SQL DBA,SQL Server MVP(07, 08, 09) "It's a dog-eat-dog world, and I'm wearing Milk-Bone underwear." "Norm", on "Cheers". Also from "Cheers", from "Carla": "You need to know 3 things about Tortelli men: Tortelli men draw women like flies; Tortelli men treat women like flies; Tortelli men's brains are in their flies".
June 12, 2023 at 7:05 pm
Here's a thought. Stop reindexing.
+1,000,000!!!
--Jeff Moden
Change is inevitable... Change for the better is not.
June 12, 2023 at 7:26 pm
Hi
To stop transaction log growth, our index rebuild process changes databases to Bulk Logged from full recovery and then back again at the end of the process.
What we've noticed, and replicated on Dev systems, is that changing the recovery mode clears all the plans for that database from the cache. We've changed the recovery mode without doing any index updates and the same thing happens, so it's not that the plans are being invalidated after a stats update.
I can't find any references to this behaviour. Is it just us or do other people have this issue?
Cheers
Alex
Do you have any substantial proof that all the index maintenance you're doing has improved performance?
I can see surgically doing a rebuild to recover lost space once page density goes below a threshold but that's not what you're likely measuring. You're probably using Logical Fragmentation to determine if an index should be maintained and, if you are, you're probably also using the supposed "Best Practice" of "Rorg between 5 and 30% and Rebuild greater than 30%". Is that what you're doing?
Along with that, have you ever looked at blocking levels before and after such index maintenance?
And, finally, have you checked to see which indexes you've de-fragmented that go over 5% fragmentation in less than, say, 2 days?
What most people don't know is that Paul Randal, the guy that wrote all that stuff for Reorg and Rebuild, actually wrote an article way back in 2009 that tells you to not take too much stock in those numbers. Read the article... especially the last sentence of the article.
And, I'm here to tell you that people like Michael John and myself have proven that the supposed "Best Practices" are not best practices, were never meant to be "Best Practices" and, especially because REORGANIZE doesn't actually work the way most people think it does (resulting in it actually perpetuates fragmentation in most cases), is actually a "Worst Practice".
It's even the reason why people think Random GUIDs fragment so quickly. I've got a demonstration where I insert 100,000 rows into a random GUID for 58 simulated days with <1% logical fragmentation. How'd I do that? It's simple... I stopped following the supposed "Best Practices" and did it the right way.
I also went almost 4 years in production without doing any index maintenance because of the "Morning After Blocking" issues I spoke of above and performance actually got a lot better in the first 3 months and then stayed there. I finally (and carefully) rebuilt some indexes to recover disk space.

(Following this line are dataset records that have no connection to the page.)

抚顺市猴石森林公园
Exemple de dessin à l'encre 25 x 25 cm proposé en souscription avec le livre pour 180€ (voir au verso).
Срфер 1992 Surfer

There is no panacea code (everything being handled the same way) for index maintenance. If you're not going to evaluate and classify every index, you're doing it wrong (and your log file hates you for it). It's far better to do no index maintenance than it is to keep doing it wrong. 😉
--Jeff Moden
Change is inevitable... Change for the better is not.
June 13, 2023 at 6:50 am
I'm sure there's a valid argument there Paul, but then amount of energy it'd take to convince my colleagues, plus the fact that removing defragging would be blamed for every performance issue for the next six months, it doesn't feel like a good investment of my time.
I think what we'll go for is see how the defragging goes without changing the recovery mode. I suspect this change to bulk logged was implemented when the orgainsation was more disk constrained.

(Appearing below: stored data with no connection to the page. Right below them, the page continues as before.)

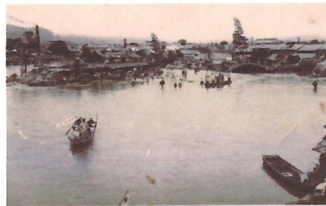
芦田川堤防決壊口(広島県福山市古野上町付近)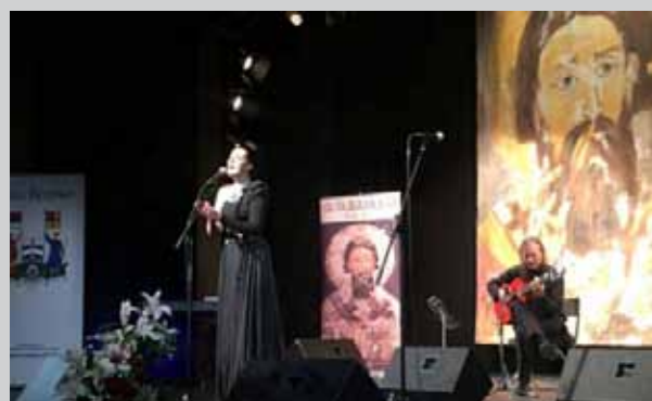
Концерт Данице Крстић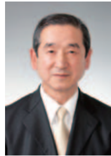
大学・短期大学部 学長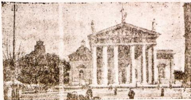
Lenkų užgrobtame Vintuje. Katedra.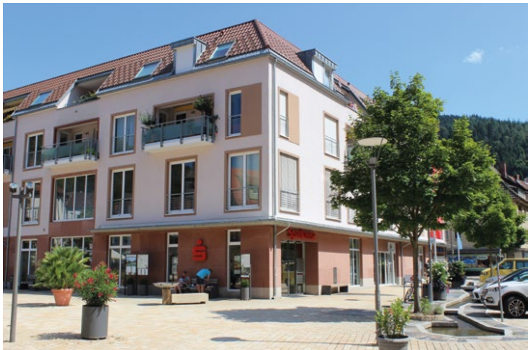
Im Zentrum von Hornberg gelegen präsentiert sich die Sparkasse in exponierter Lage am Bärenplatz, umgeben von Rathaus und einem Café.

Die neuen Räumlichkeiten standen ab dem 11. Juni 2007 den Hornberger Kunden zur Verfügung.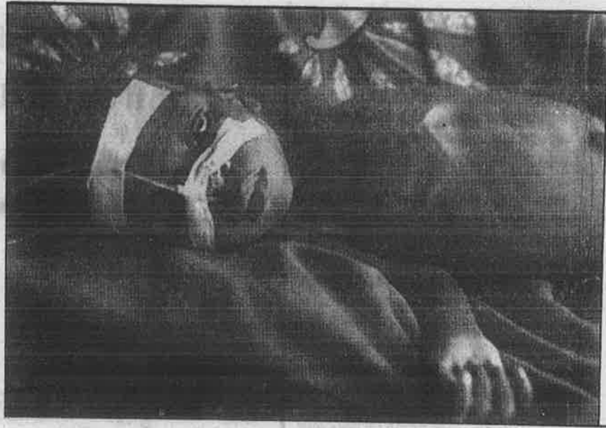
ஏகாதிபத்தியங்கள் செயற்கையாக உருவாக்கிய பஞ்சம் - பட்டினியால் பாதிக்கப்பட்டு, எலும்பும் தோலுமாக உயிருக்குப் போராடும் நைஜர் நாட்டுச் சிறுவன்.

மாக்கிய ஏகாதிபத்தியங்களின் சதி ஒரு புறம் இருக்கட்டும். "வளர்ச்சிக்கும், முன்னேற்றத்துக்கும் இட்டுச் செல்லும் நல்லாட்சி" என்பதன் உண்மையான பொருள் என்ன தெரியுமா?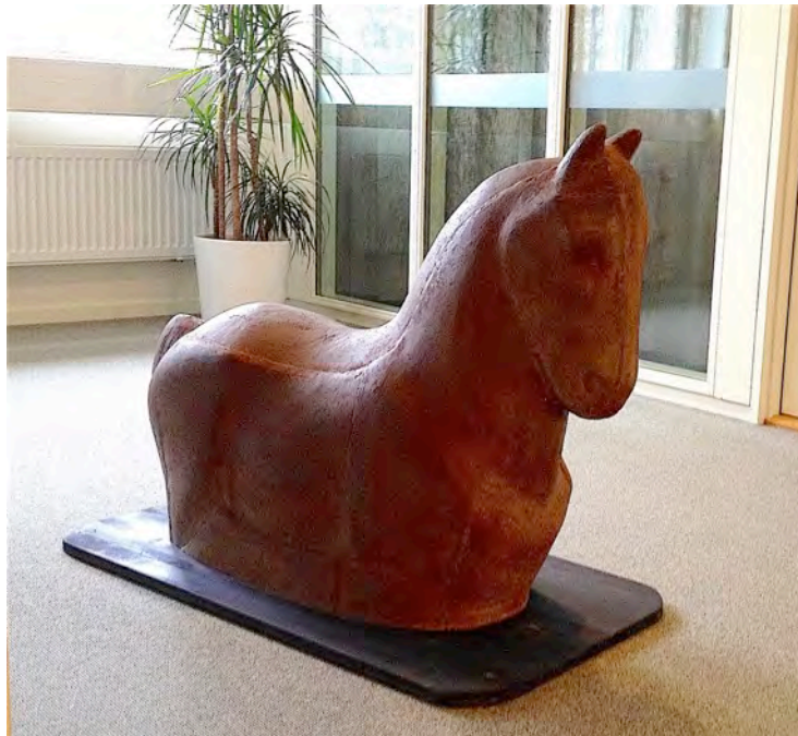
Häst på kommunkontoret

"Arbetet Hästvägsföreningen gör är jätteviktigt för att hästarna ska prioriteras när samhället växer!"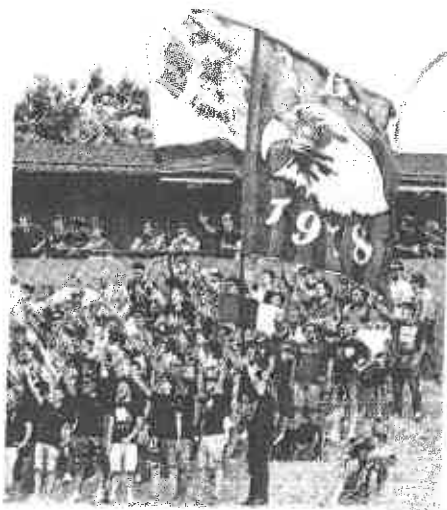
I tifosi dell'Aquila Calcio, club di Lega Pro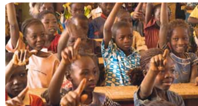
Les écoliers de Banfora

2011 fera la part belle aux artistes burkinabés en l'honneur de Banfora, notre nouvelle amie (voir « 3 questions à ») ! Une cérémonie officielle de signature de la coopération est ainsi prévue, samedi 28 mai, à 12h30, place de la V e République, en présence de Souleymane Soulama, Maire de Banfora. Difficile de trouver meilleure façon de fêter cette nouvelle amitié qu'à l'occasion des Rencontres Africaines .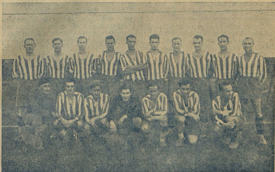
LIGASKO MOŠTVO SK LJUBLJANE 1938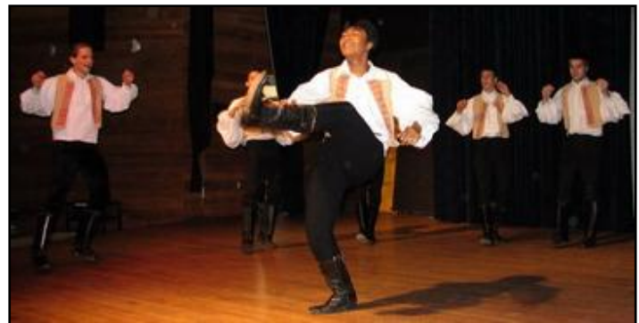
Kalotaszegi legényes tánc, melyet az egy angoltanár tanított be meg nekem is és amit a „One World” show keretében adtunk elő Victoriában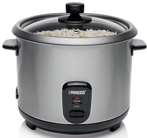
Rice Cooker 01.271941.01.750

PARTS DESCRIPTION / ONDERDELENBESCHRIJVING / DESCRIPTION DES PIÈCES / TEILEBESCHREIBUNG / DESCRIPCIÓN DE LAS PIEZAS / DESCRIÇÃO DOS COMPONENTES / DESCRIZIONE DELLE PARTI / BESKRIVNING AV DELAR / OPIS CZĘŚCI / POPIS SOUČÁSTÍ / POPIS SUČASTI / ОПИСАНИЕ ЗАПЧАСТИ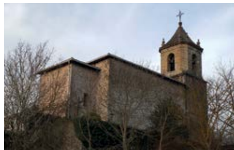
Bedoñako Santa Eulalia Eliza / Iglesia de Santa Eulalia de Bedoña

Por último, destacaremos en el barrio de Uribarri, la iglesia de Nuestra Señora de la Esperanza y el caserío Gorostiza, declarado monumento.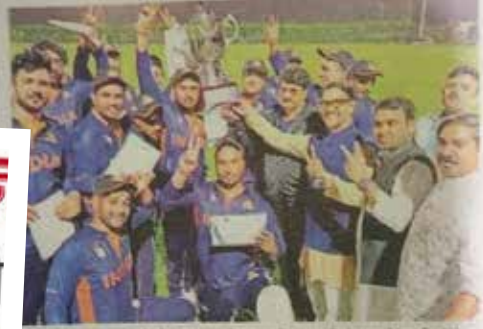
सेंट कोलंबस स्कूल की टीम अंतरराष्ट्रीय अंतरविद्यालय क्रिकेट टूर्नामेंट जीतने के बाद दुबई जाकर लौट रही है।

जस, फरीदाबाद : दुबई में संपन्न हुई अंतरराष्ट्रीय अंतरविद्यालय त्रिकोणीय क्रिकेट टूर्नामेंट में सेंट कोलंबस की टीम ने श्रीलंका, मॉरिशस, नेपाल और सिंगापुर के खिलाफ जीत का परचम लहराया।

When I've got more time I'll definitely read the Paul Randal article though
June 13, 2023 at 12:00 pm
I'm sure there's a valid argument there Paul, but then amount of energy it'd take to convince my colleagues, plus the fact that removing defragging would be blamed for every performance issue for the next six months, it doesn't feel like a good investment of my time.
I think what we'll go for is see how the defragging goes without changing the recovery mode. I suspect this change to bulk logged was implemented when the orgainsation was more disk constrained.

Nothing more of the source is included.